Deprem sonrası psikoloji, görünmeyen bir enkazdır aslında. Dışarıdan bakıldığında hayat normale dönüyor gibidir: marketler açılır, yollar yapılır, okullar çalışır. Ama bir insanın içindeki “normal” kolay inşa edilmez. O, ne vinçle kaldırılır ne betonla dökülür.
Kahramanmaraş’ta, Hatay’da, Adıyaman’da yaşayan insanların çoğu hâlâ bir alarm hâlinde. En ufak titreşimde kalp atışları hızlanıyor, rüzgârın uğultusu bile “acaba yine mi?” korkusunu getiriyor. Bu, bedenin değil, ruhun artçısıdır.
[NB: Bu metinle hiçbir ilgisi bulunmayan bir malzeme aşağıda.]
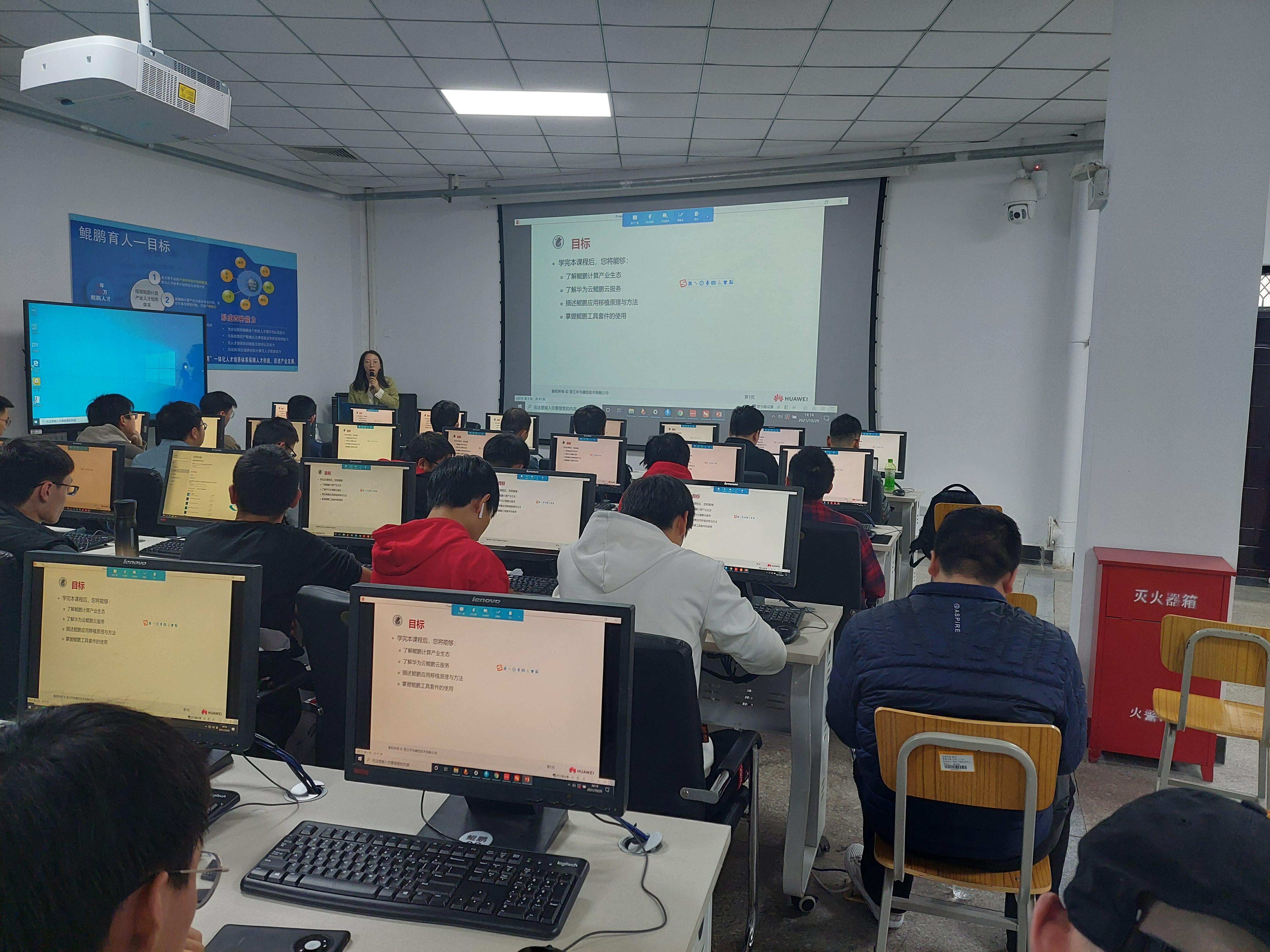 10月29日下午,由鲲鹏产业公司举办的鲲鹏微认证沙龙活动在科技楼S105鲲鹏技术体验室举行,本次活动由中原鲲鹏生态创新中心主办,365英国上市公司公司鲲鹏产业公司承办。黄河人才培养部副总经理王超玉、华为技术有限公司品牌经理孙星星、业务部经理谷星宇,365英国上市公司经理吕海莲,副经理赵伟艇、禇龙现,鲲鹏产业公司相关老师和2019级云计算、计算机科学与技术专业100余名员工参加了此次活动。

Zaman geçer ama o sarsıntı, zihnin derinliklerinde yaşamaya devam eder.
Psikologların söylediği bir şey var: “Travma, anlatılmadıkça büyür.” O yüzden konuşmak, paylaşmak, dinlemek çok kıymetli. Çünkü depremden sonra sadece evler değil, kelimeler de yıkıldı. İnsanlar artık acılarını ifade etmekte zorlanıyor. Kimisi susarak direniyor, kimisi gülümseyerek saklıyor. Ama hiçbirimiz eskisi gibi değiliz.
Bu yüzden toplumsal dayanışma sadece ekmek ya da çadır vermekle olmaz. Bir insanın elini tutmak, onu dinlemek, “korkman normal” demek de bir yardımdır. Devletin yaptığı binalar kadar, toplumun kurduğu empati de yeniden inşanın bir parçasıdır.
Deprem sonrası psikolojide en tehlikeli şey, unuttuğunu sanmaktır. Çünkü unuttuğunu sandığın her acı, bir gecede kapını çalabilir. Bu yüzden şehirler yeniden yapılırken, ruhların da onarılması gerekir.
Belki bu topraklar tekrar sarsılacak, belki gökyüzü yine karanlık olacak ama önemli olan, içimizdeki ışığı söndürmemek. Deprem, bir doğa olayıydı; ama sonrasını nasıl yaşadığımız, insanlık meselesidir.
Ve insan, yeniden ayağa kalkmak için önce içindeki enkazı kaldırmalıdır.